> Action item
From top to bottom, write out the listing exactly and skip every picture.

> Information shown
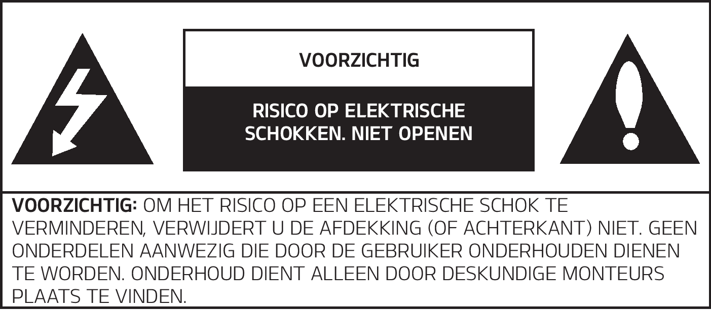 De bliksemflits met de kop van een pijl binnen een gelijkzijdige driehoek is bestemd om de gebruiker te wijzen op de aanwezigheid van niet-geïsoleerde, gevaarlijke spanning binnenin de productbehuizing die voldoende krachtig kan zijn om een risico op een elektrische schok te vormen.
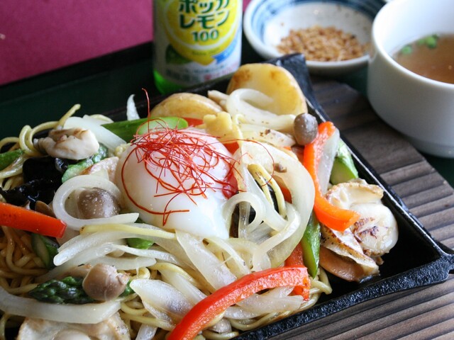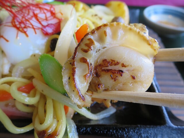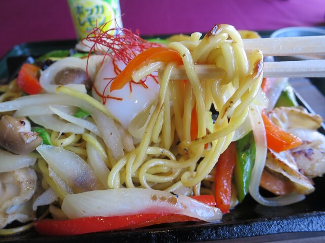 北海道産小麦粉を主原料とした焼きそばは、焦げた香ばしさとモチモチが共存しています。
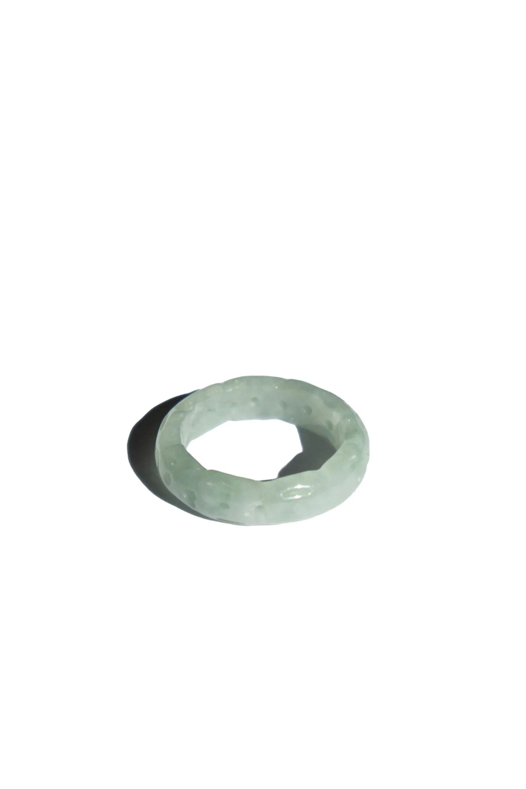 This Weave ring is hand-crafted from off-white jadeite, giving it an elegant and intricate “woven” look.

> Task output
 De bliksemflits met de kop van een pijl binnen een gelijkzijdige driehoek is bestemd om de gebruiker te wijzen op de aanwezigheid van niet-geïsoleerde, gevaarlijke spanning binnenin de productbehuizing die voldoende krachtig kan zijn om een risico op een elektrische schok te vormen.
 北海道産小麦粉を主原料とした焼きそばは、焦げた香ばしさとモチモチが共存しています。
 This Weave ring is hand-crafted from off-white jadeite, giving it an elegant and intricate “woven” look.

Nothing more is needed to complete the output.